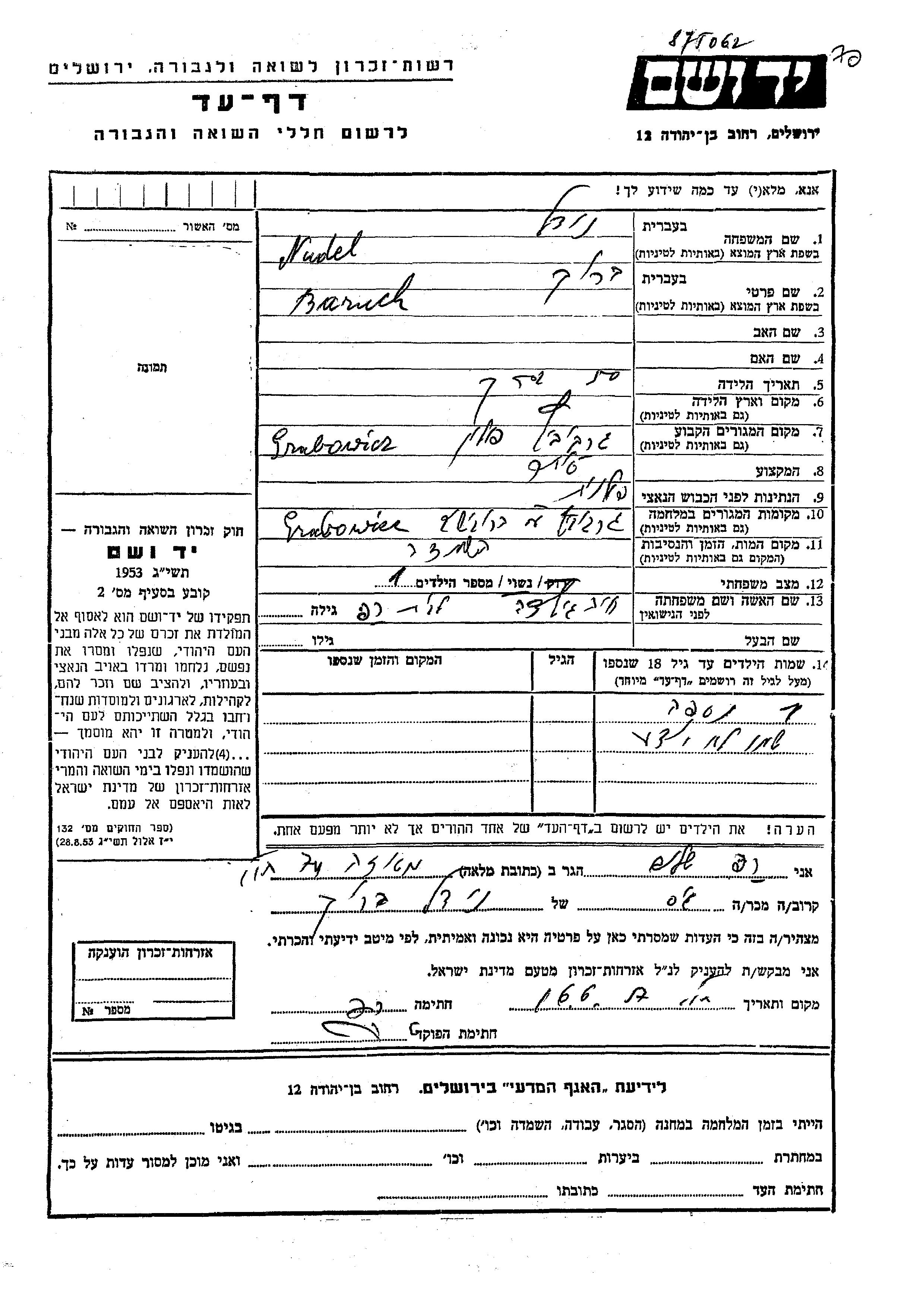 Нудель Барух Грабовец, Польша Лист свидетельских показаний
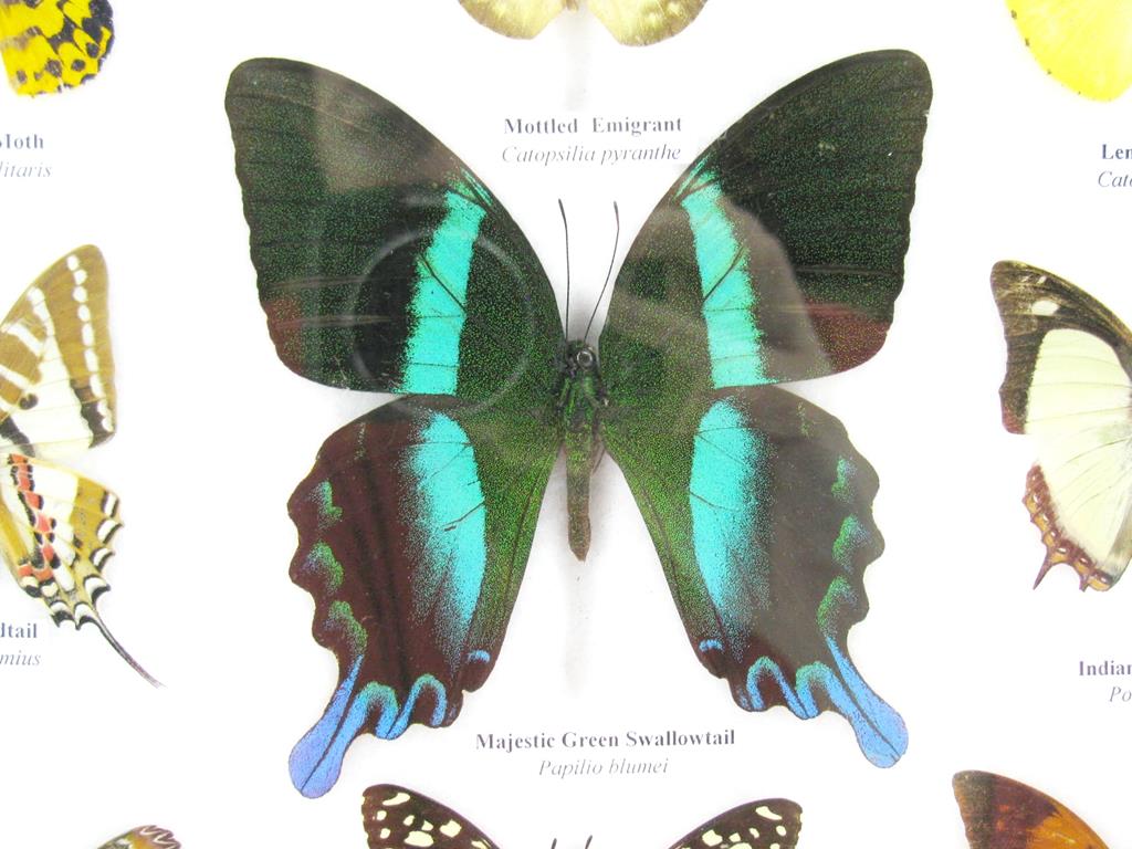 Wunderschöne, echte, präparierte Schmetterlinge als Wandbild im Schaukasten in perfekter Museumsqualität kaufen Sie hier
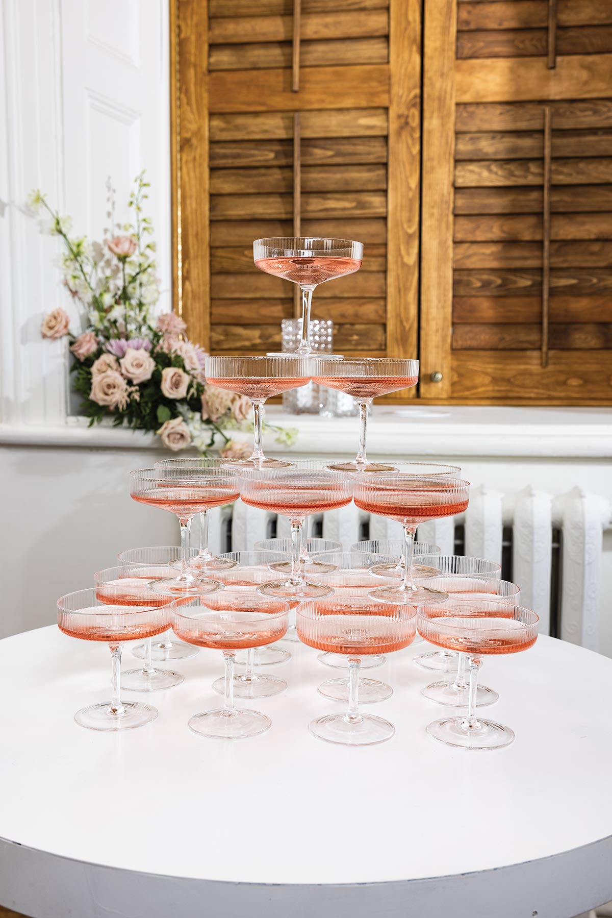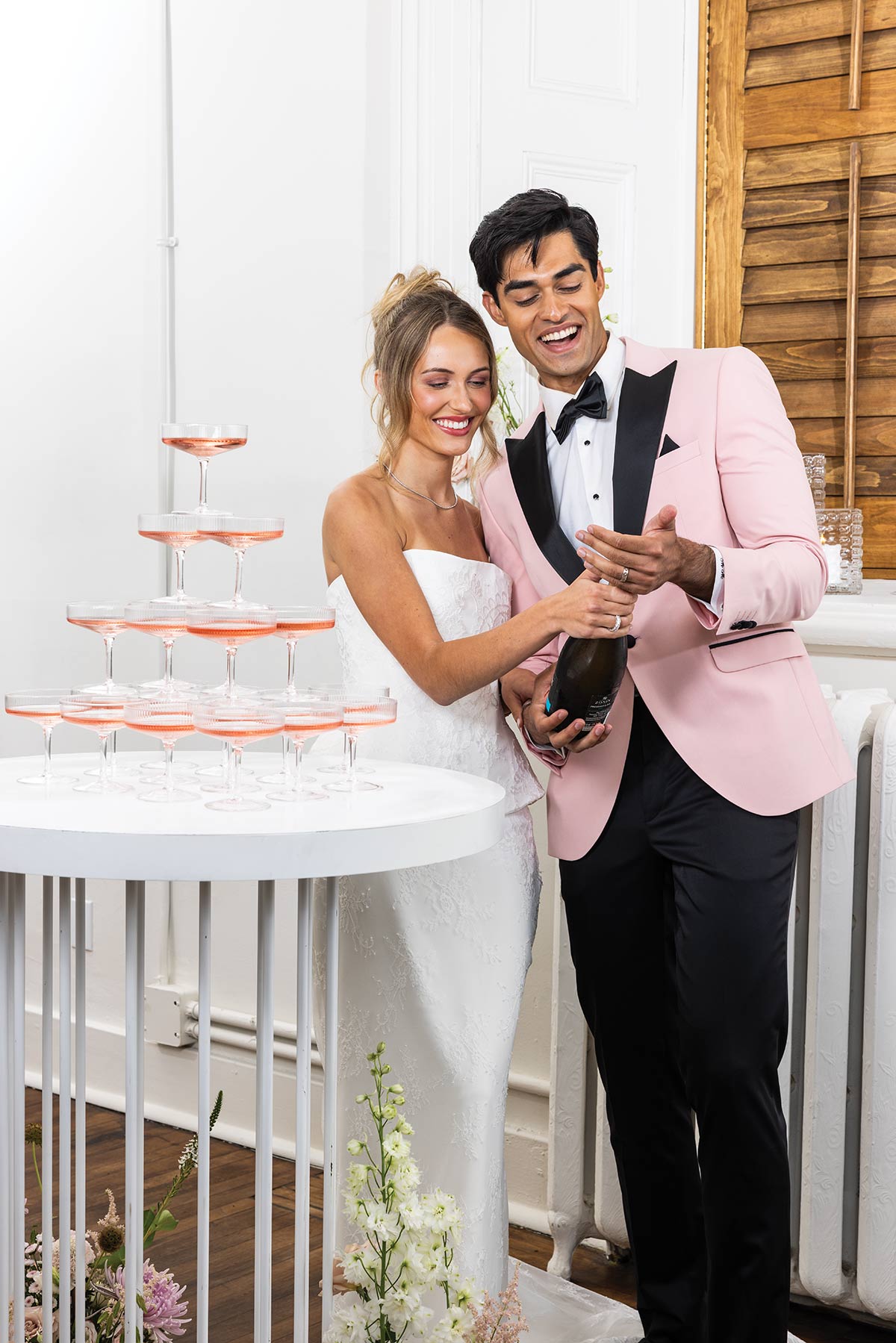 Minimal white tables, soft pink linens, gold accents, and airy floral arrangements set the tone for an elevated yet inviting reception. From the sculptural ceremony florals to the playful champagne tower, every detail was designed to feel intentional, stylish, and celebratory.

============================================================

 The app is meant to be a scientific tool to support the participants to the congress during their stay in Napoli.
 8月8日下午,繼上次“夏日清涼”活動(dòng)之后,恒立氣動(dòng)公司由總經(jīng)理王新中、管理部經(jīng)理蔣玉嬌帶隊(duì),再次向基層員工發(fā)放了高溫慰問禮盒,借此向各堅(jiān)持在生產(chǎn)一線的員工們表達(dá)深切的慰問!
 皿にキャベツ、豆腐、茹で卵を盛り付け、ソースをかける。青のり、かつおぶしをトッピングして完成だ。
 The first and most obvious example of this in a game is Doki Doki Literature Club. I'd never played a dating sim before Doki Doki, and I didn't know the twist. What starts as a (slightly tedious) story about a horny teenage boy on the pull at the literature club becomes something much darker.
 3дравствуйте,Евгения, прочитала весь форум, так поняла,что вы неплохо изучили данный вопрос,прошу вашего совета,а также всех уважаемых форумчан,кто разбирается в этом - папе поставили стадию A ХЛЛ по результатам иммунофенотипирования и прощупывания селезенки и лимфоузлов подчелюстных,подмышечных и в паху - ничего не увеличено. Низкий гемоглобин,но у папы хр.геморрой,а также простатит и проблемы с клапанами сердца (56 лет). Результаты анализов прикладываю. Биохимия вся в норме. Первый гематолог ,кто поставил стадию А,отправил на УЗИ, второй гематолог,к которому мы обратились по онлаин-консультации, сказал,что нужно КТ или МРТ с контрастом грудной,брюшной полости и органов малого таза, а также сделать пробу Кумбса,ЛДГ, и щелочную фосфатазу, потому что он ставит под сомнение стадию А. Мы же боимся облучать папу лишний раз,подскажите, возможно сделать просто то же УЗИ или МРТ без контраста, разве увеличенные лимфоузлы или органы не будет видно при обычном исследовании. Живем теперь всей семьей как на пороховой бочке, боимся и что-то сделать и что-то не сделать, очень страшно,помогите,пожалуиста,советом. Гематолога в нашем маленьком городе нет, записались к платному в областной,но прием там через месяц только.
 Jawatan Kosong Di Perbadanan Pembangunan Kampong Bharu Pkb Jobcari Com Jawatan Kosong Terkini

============================================================

| REQUIRED WORK |
For the entries above, print exactly the lines between the one with "Wunderschöne, echte, präparierte" and the one with "Minimal white tables, soft", inclusive, with no pictures.

| EXPECTED ANSWER |
 Wunderschöne, echte, präparierte Schmetterlinge als Wandbild im Schaukasten in perfekter Museumsqualität kaufen Sie hier
 Minimal white tables, soft pink linens, gold accents, and airy floral arrangements set the tone for an elevated yet inviting reception. From the sculptural ceremony florals to the playful champagne tower, every detail was designed to feel intentional, stylish, and celebratory.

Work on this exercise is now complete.